Ask HN: How to get aggregated user behaviour without tracking an individual user

33 points | by harianus 194 days ago


  • Chrissvo 194 days ago

    That's a nice challenge!

    If you're super distrustful you could argue that you should never store a timestamp with a signup event, because it could potentially reveal a user's identity...

    Here's a crazy thought, what if you would do this:

    1. You fire off a default first event, say “init" On the server you generate a PGP key pair, store the private key with the init-event and return the public key

    2. Second event (first real event) is fired by the website owner and encrypted with the PGP public key from 1

    3. On the server you try decrypt event #2 with all available active private keys (stored with init-events)

    4. Once a solution is found you link the 2nd event to the 1st event, delete the private key of the 1st event, generate a new PGP key pair, store private key with 2nd event, and return the new public key

    5. Third event is encrypted with the public key of 4 and...

    No need to store timestamps and all traffic is encrypted, now how to make step 3 fast?

    • harianus 194 days ago

      Thanks! I like the way you think.

      2. I think encrypting PGP is pretty heavy and maybe not great for the performance of a script that loads on a lot of websites.

      3. I'm not sure how fast this will be. Especially on a very busy website with lots of page views per second.

      Basically you could also store a variable with the event and send that variable back. What would be the added value to use PGP encryption?

    • harianus 194 days ago

      I don't want to use a session cookie with an ID to link all events. I don't want any ID because I could potentially link those ID together in the back end based on IP (I don't, but I want people not to have to trust me). I want to make sure I don't get any data that my system could use wrong.

      • vokep 194 days ago

        I think maybe a good way to go is a compromise - Since you're already taking efforts to protect privacy without needing to trust you, thats already a good start. But maybe you need some kind of ID to tie behavior together, so you do record one temporarily, until you've processed it into an aggregate (anonymized individual behaviors)

        Basically, train a machine learning model on the data of invididuals. You don't want to overfit or that could be de-anonymizable, but a slightly underfit model could capture most of the important patterns, while throwing out most of any identifying aspects.

        The hard part then becomes finding a way to demonstrate this actually is happening so that you can be trusted. Unfortunately I can't think of a provable way, since you pretty much either can track users by IDs or not. And if you do..then trust has to be assumed

        • harianus 194 days ago

          But with my solution in the main Ask HN I don't need any ID. So why should I not do it that way?

        • JadeNB 194 days ago

          I think that the problem is, while you have near-total control over the information you collect, and can carefully consider its interactions, you have no control over the interaction of your information with other publicly available information. For example, the famous AOL de-anonymisation ( did not (I think it is accurate to say) rely on any metadata attached to the queries, only to the queries themselves.

          • harianus 194 days ago

            While I can understand this being true for AOL:

            > The data includes personal names, addresses, social security numbers and everything else someone might type into a search box.
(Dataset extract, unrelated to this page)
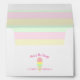 Here's the scoop: Summer ice cream birthday party envelope pink, mint and light yellow ice cream cone and pastel striped background

            I don't think I have a similar issue with page views of one website of one session. I strip all query params and only save the hostname and path of the URL. I think it's nearly impossible to ever link that to a user. Maybe if you have very little amount of users, but then still you don't get personal info.

            • chatmasta 192 days ago

              Why do you consider the path of the URL to be any less sensitive than the query parameters? Many websites use dynamic paths that may as well be query parameters.

              • harianus 192 days ago

                We are going way off topic here, too bad there is not even one answer to my question:

                > Do you think this is acceptable from a privacy perspective?

                But back to your point. Query params contain usually tokens, search queries, and id's. This is not so much the case for paths. I think you agree with that. But indeed, paths can have sensitive information too.

                How would you prevent that data to be sent to my server?

                • chatmasta 192 days ago

                  Maybe you should allow the user to provide some sort of regex mask on URLs, or some sort of rule engine for which parts to keep or strip.

        • harianus 193 days ago

          And what would it be from a privacy perspective if I set a cookie for 90 days. I can't link this to any personal information and my customers will only see my tool where they can see the conversions (they don't get access to the "link" in the tables above).

          • nartz 194 days ago

            Differential privacy.

            • harianus 194 days ago

              Not really, that is more for when you have sensitive data and want to show that data publicly. I want to have only insensitive data and make sure I don't get sensitive data from the visitors.